I certify that the conclusions in the above Decision had been reached in consultation before the case
was assigned to the writer of the opinion of the Courts Division.

ANTONIO T. CARPIO
Senior Associate Justice
(Per Section 12, R.A. 296, The Judiciary Act of 1948, as amended)

Footnotes:
* Per Special Order No. 1228 dated June 6, 2012.
** Designated Acting Member in lieu of Associate Justice Presbitero J. Velasco, Jr., per Special Order
No. 1229 dated June 6, 2012.
[1] Penned by Associate Justice Regalado E. Maambong, with Associate Justices Rodrigo V. Cosico and
Lucenito N. Tagle, concurring; rollo, pp. 33-63.
[2] Id. at 65-66.
[3] Penned by Commissioner Vicente S.E. Veloso, with Presiding Commissioner Roy V. Seeres
concurring; CA rollo, pp. 49-61.
[4] CA rollo, p. 66.
[5] Id. at 75.
[6] Id.
[7] Rollo, pp. 123-124.
[8] Id. at 75.
[9] Id. at 70-73.
[10] Id. at 91-96.
[11] Id. at 91.
[12] Id. at 115-116.
[13] Id. at 119-128.
[14] Id. at 126.

[15] Id. at 163-170; Note that Precilla Gramaje filed the Motion for Intervention, but the named intervenor
in the Position Paper is P.A. Gramaje Employment Services.
[16] CA rollo, p. 166.
[17] Rollo, p. 136.
[18] Id. at 130-131.
[19] Id. at 132-133.
[20] Id. at 183.
[21] Id. at 179.
[22] Id. at 180.
[23] Id. at 181-182.
[24] Id. at 182.
[25] Supra note 1.
[26] Rollo, pp. 62-63.
[27] Id. at 51-52.
[28] Id. at 53.
[29] Id. at 54.
[30] Id.
[31] Id.
[32] Id. at 56.
[33] Id.
[34] Id. at 57.
[35] Id. at 58.
[36] Id.
[37] Id.
[38] Id. at 60.
[39] Id. at 61-62.

[40] Id. at 14-15.


[41] G.R. No. 176240, October 17, 2008, 569 SCRA 670.
[42] Sasan, Sr. v. National Labor Relations Commission 4th Division, supra, at 689-690. (Citations
omitted.)
[43] San Miguel Corporation v.

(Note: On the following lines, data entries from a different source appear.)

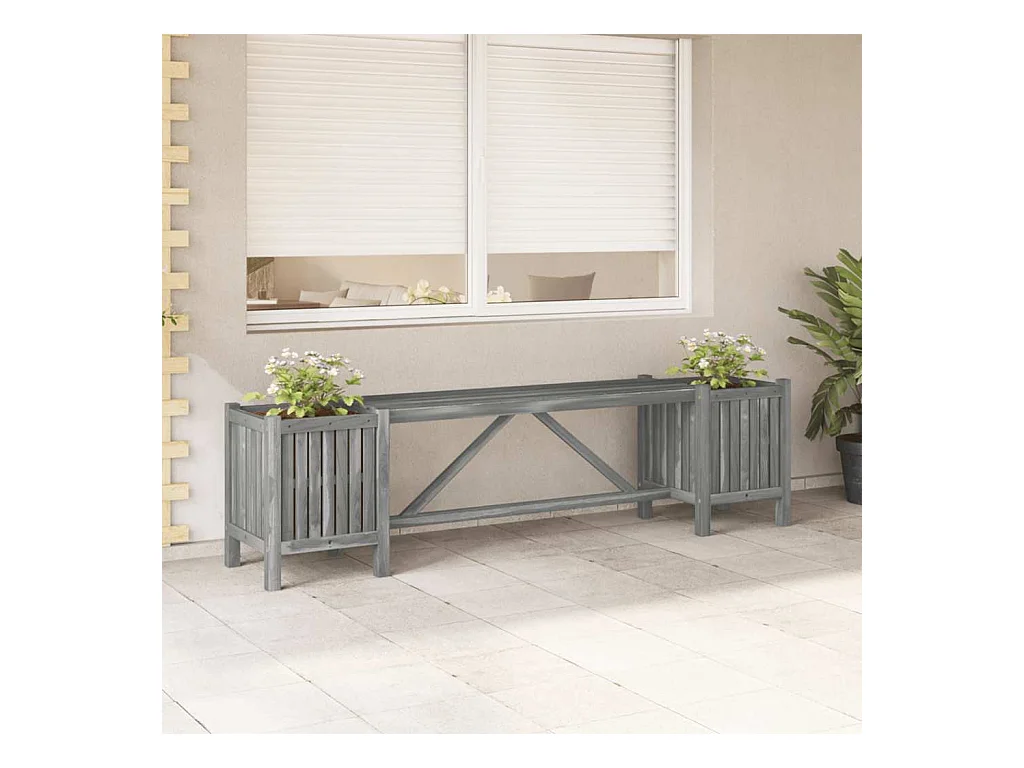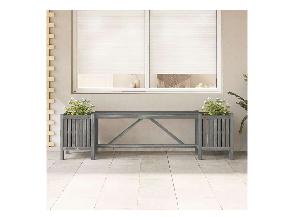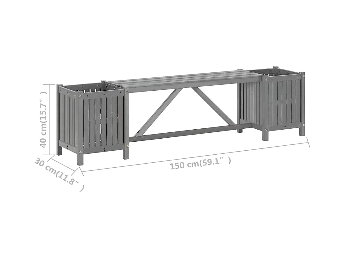 Banco de jardín con 2 jardineras 150 cm madera de acacia gris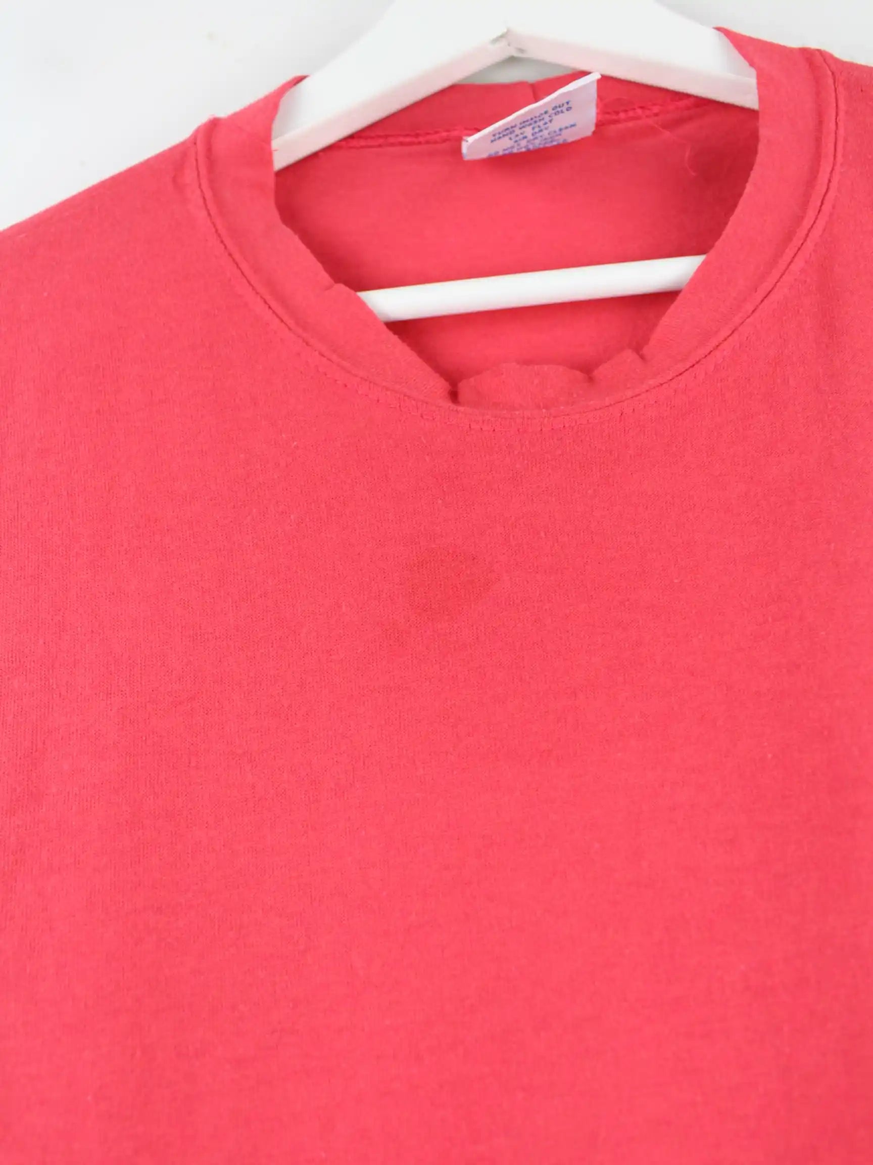Rotes Vintage T-Shirt aus den 90'ern in Größe M. Es ist aus Baumwolle gemacht und in gutem Zustand bei uns vorrätig.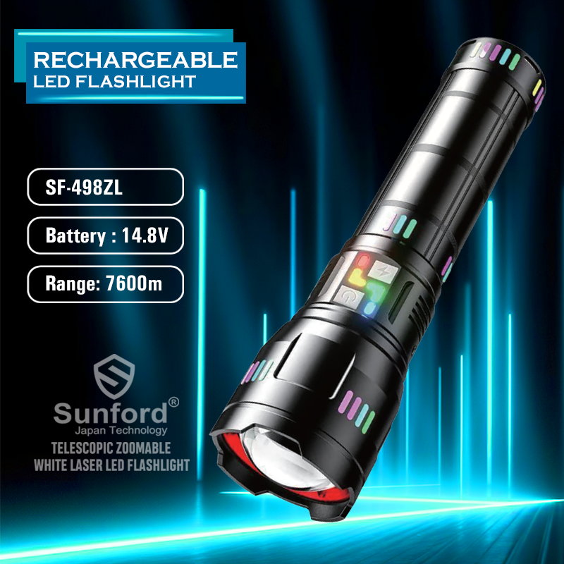 Sunford SF-498ZL Telescopic Zoomable 80W Super High Powered LED Zoom Torch / Flashlight with Power Bank Facility - 1 Piece ( Black )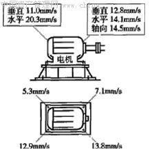 圖4   電機(jī)測(cè)點(diǎn)分布及振動(dòng)幅值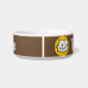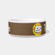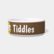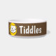 Ajoutez le nom de votre animal de compagnie à ce bol amusant qui présente un dessin animé illustrant un chat souriant. arrière - plan Brown.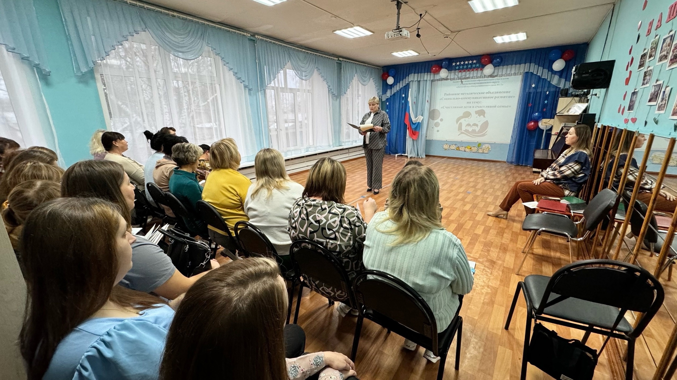 11 ноября в БДОУ СМО "Детский сад №13" состоялось районное методическое объединение (руководитель М. Л. Мозолина).11 ноября в БДОУ СМО "Детский сад №13" состоялось районное методическое объединение (руководитель М. Л. Мозолина).Тема встречи "Формирование семейных ценностей у детей дошкольного возраста через вовлечение родителей в образовательный процесс".С. Н. Пеганова познакомила слушателей с современными подходами к взаимодействию с родителями в соответствии с ФОП ДО.Н. В. Славнухина представила открытое занятие в подготовительной группе "Самое дорогое, что есть у меня - это моя семья".Педагог - психолог Н. В. Губкина представила модель конструктивного общения с родителями.Учитель - логопед Л. А. Федотова провела Мастер класс " Культура речи рождается в семье".Коллектив представил опыт проектной деятельности с родителями.Музыкальный руководитель Н.А. Грекова провела практикум " Танцуем табату или здоровая семья - здоровое общество.Участники встречи отметили положительный опыт дошкольной организации, наметили каждый для себя точки роста в работе с родителями.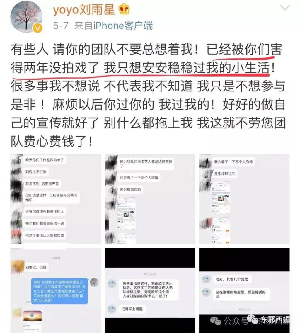 直到 2025 年,刘雨欣突然发微博手撕张檬。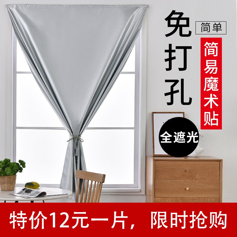 Magic Sticker Punch-Free Mounting Curtain Shading Bedroom Anti-Light Insulation Simple Finished House Rental Sun Shading Full Shade Cloth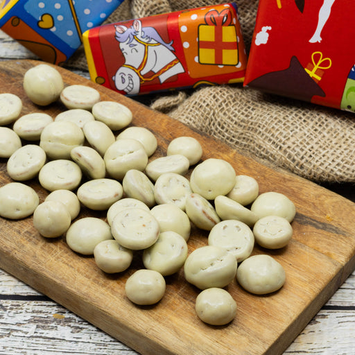 Oorspronkelijke prijs €3,25 - Oorspronkelijke prijs €3,25Oorspronkelijke prijs€3,25€3,25 - €3,25Huidige prijs €3,25| /250 gram kruidnoten met een laagje witte chocolade.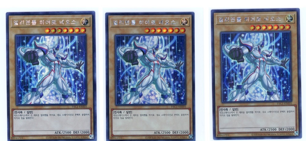 x3 Elemental HERO Neos Alternate Art Secret Rare - PAC1-KR005 - Korean YuGiOh Prismatic Art Lot contains three separate copies of the card. The card was personally pulled pack fresh and was immediately put into a sleeve and top loader. For shipping: cards will be placed in a Card Saver 1 or toploader, placed between two pieces of cardboard, put into a team bag, then inserted into a bubble mailer. I will tape all of the edges of the bubble mailer to prevent ripping and water damage. I use USPS First Class Shipping with a tracking number that will be provided to you through eBay.

Aballa, G.R. No. 149011, June 28, 2005, 461 SCRA 392, 421.
[44] G.R. No. 164257, July 5, 2010, 623 SCRA 114.
[45] San Miguel Corporation v. Semillano, supra, at 124; Sasan, Sr. v. National Labor Relations
Commission 4th Division, supra note 41, at 691.
[46] Sasan, Sr. v. National Labor Relations Commission 4th Division, supra note 41, at 691.
[47] 7K Corporation v. National Labor Relations Commission, G.R. No. 148490, November 22, 2006, 507
SCRA 509, 523.
[48] CA rollo, p. 211.
[49] 7K Corporation v. National Labor Relations Commission, supra note 47.
[50] See: San Miguel Corporation v. Aballa, supra note 43, at 425.
[51] CA rollo, pp. 186-191.
[52] Rollo, p. 58.
[53] Aklan v. San Miguel Corporation, G.R. No. 168537, December 11, 2008, 573 SCRA 675, 685.
[54] 7K Corporation v. National Labor Relations Commission, supra note 47.
[55] See Iligan Cement Corporation v. ILIASCOR Employees and Workers Union-Southern Philippines
Federation of Labor (IEWU-SPFL), G.R. No. 158956, April 24, 2009, 586 SCRA 449, 468.
[56] Big AA Manufacturer v. Antonio, G.R. No. 160854, March 3, 2006, 484 SCRA 33, 46.